The implementation was later refactored into four specialized queue classes:
| Class | Purpose |
|---|---|
SPSCQueue<T> |
Low-latency SPSC queue |
SPSCQueueBatch<T> |
Throughput-oriented batched SPSC queue |
MPMCQueue<T> |
Multi-producer multi-consumer queue |
MPMCQueueBatch<T> |
Batched MPMC queue |
This separation avoids:
- leaking batching logic into latency paths
- leaking MPMC synchronization into SPSC hot paths
- unnecessary branching and template bloat
- instruction-cache pollution
At high optimization levels, simplifying generated machine code became more important than keeping a unified abstraction.
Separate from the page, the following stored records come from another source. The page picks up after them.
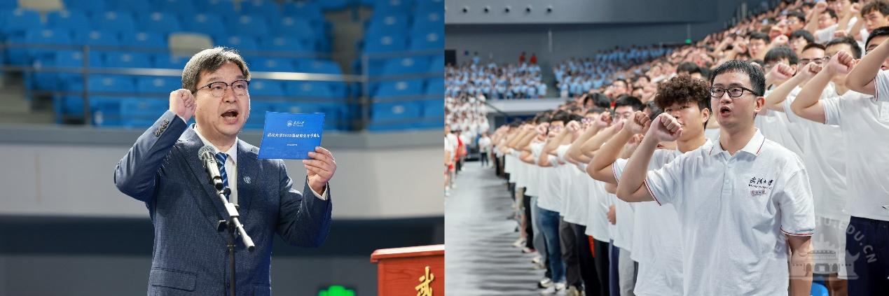 周翔院士带领全体研究生新生作学术道德与科研诚信宣誓:“自强弘毅,求是拓新,做珞珈学脉的传承者;覃思精研,守道善学,做学术研究的耕耘者;进德修业,明诚慎独,做学术道德的捍卫者;砥砺笃行,追求卓越,做学术创新的探索者。”学术有道,诚信为德,这既是对自身学术理想的郑重回答,也是肩负起民族复兴使命的勇敢宣言。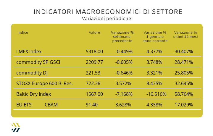 Il listino LMEX registra il primo calo settimanale del 2026 (-0,5%), dopo il balzo di inizio anno (+4.5%). Sul fronte emissioni, l’indice EU ETS-CBAM abbatte il muro dei 90 Euro nella media settimanale |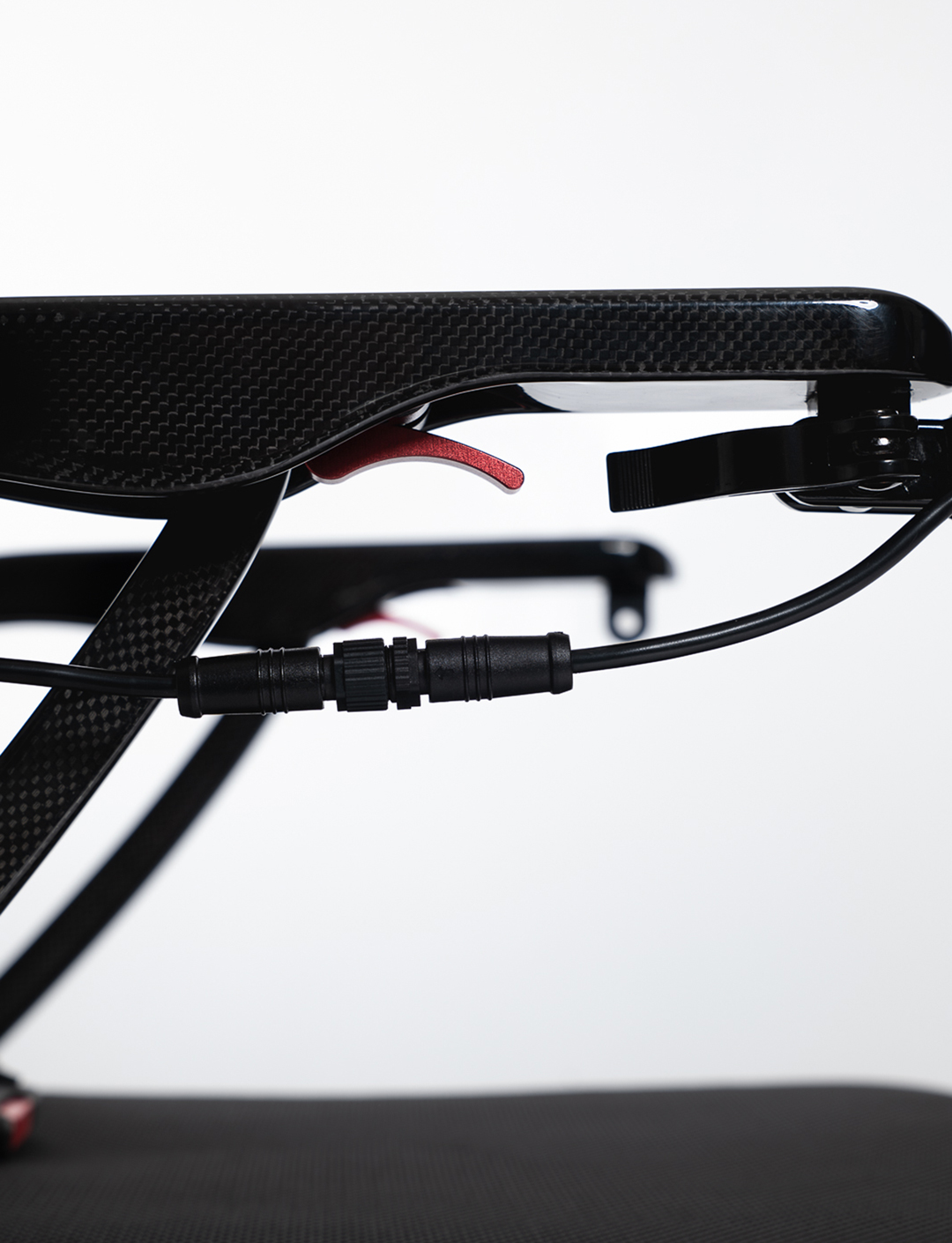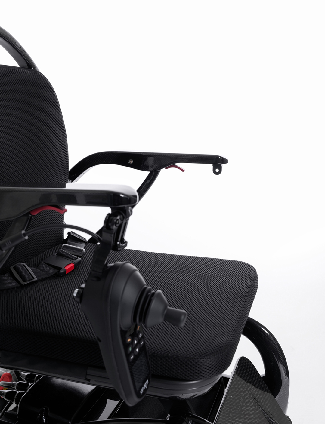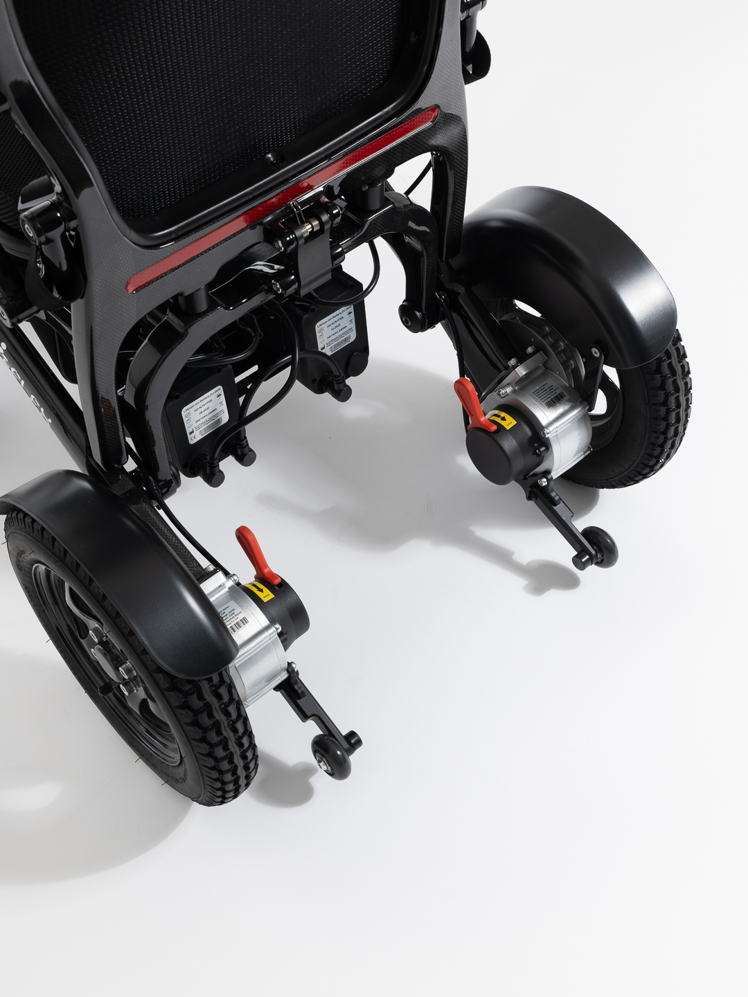 Rinomata per il suo incredibile rapporto resistenza/peso, la fibra di carbonio viene scelta per la costruzione di biciclette, automobili, barche, aeroplani e nell’ingegneria strutturale. Perché non portare questi vantaggi anche alle carrozzine elettroniche? Il nostro telaio in fibra di carbonio non è solo straordinariamente leggero, ma anche in grado di garantire durabilità, assicurando un'esperienza di guida più fluida e piacevole.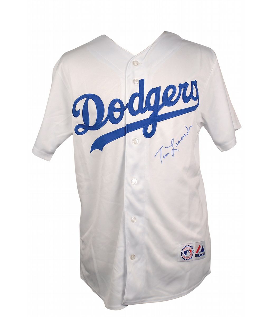 Official Majestic replica Los Angeles Dodgers baseball jersey, with sewn on letters and numbers, signed in blue felt tip on the front, “Tom Lasorda.” In fine condition. Accompanied by a certificate of authenticity from JSA.

Producer and consumer synchronization variables are isolated:
alignas(64) std::atomic<uint32_t> prod_tail_;
alignas(64) std::atomic<uint32_t> cons_tail_;This reduces:
- MESI invalidation traffic
- cacheline bouncing
- false sharing
Index wrapping uses:
index & (capacity - 1)instead of modulo operations to avoid division instructions in hot paths.
Producer and consumer cache remote synchronization variables locally.
This reduces:
- acquire-load frequency
- coherence traffic
- shared cacheline reloads
This optimization became increasingly important on physically distant cores.
Specialized AVX2 paths exist for 32-byte and 64-byte payloads:
if constexpr (sizeof(T) == 32)
{
_mm256_storeu_si256(...);
}This reduces:
- scalar copy instructions
- dependency chains
- payload movement overhead
Performance impact depends heavily on:
- compiler backend quality
- payload alignment
- microarchitecture behavior
The following results represent averages across 10 independent benchmark runs.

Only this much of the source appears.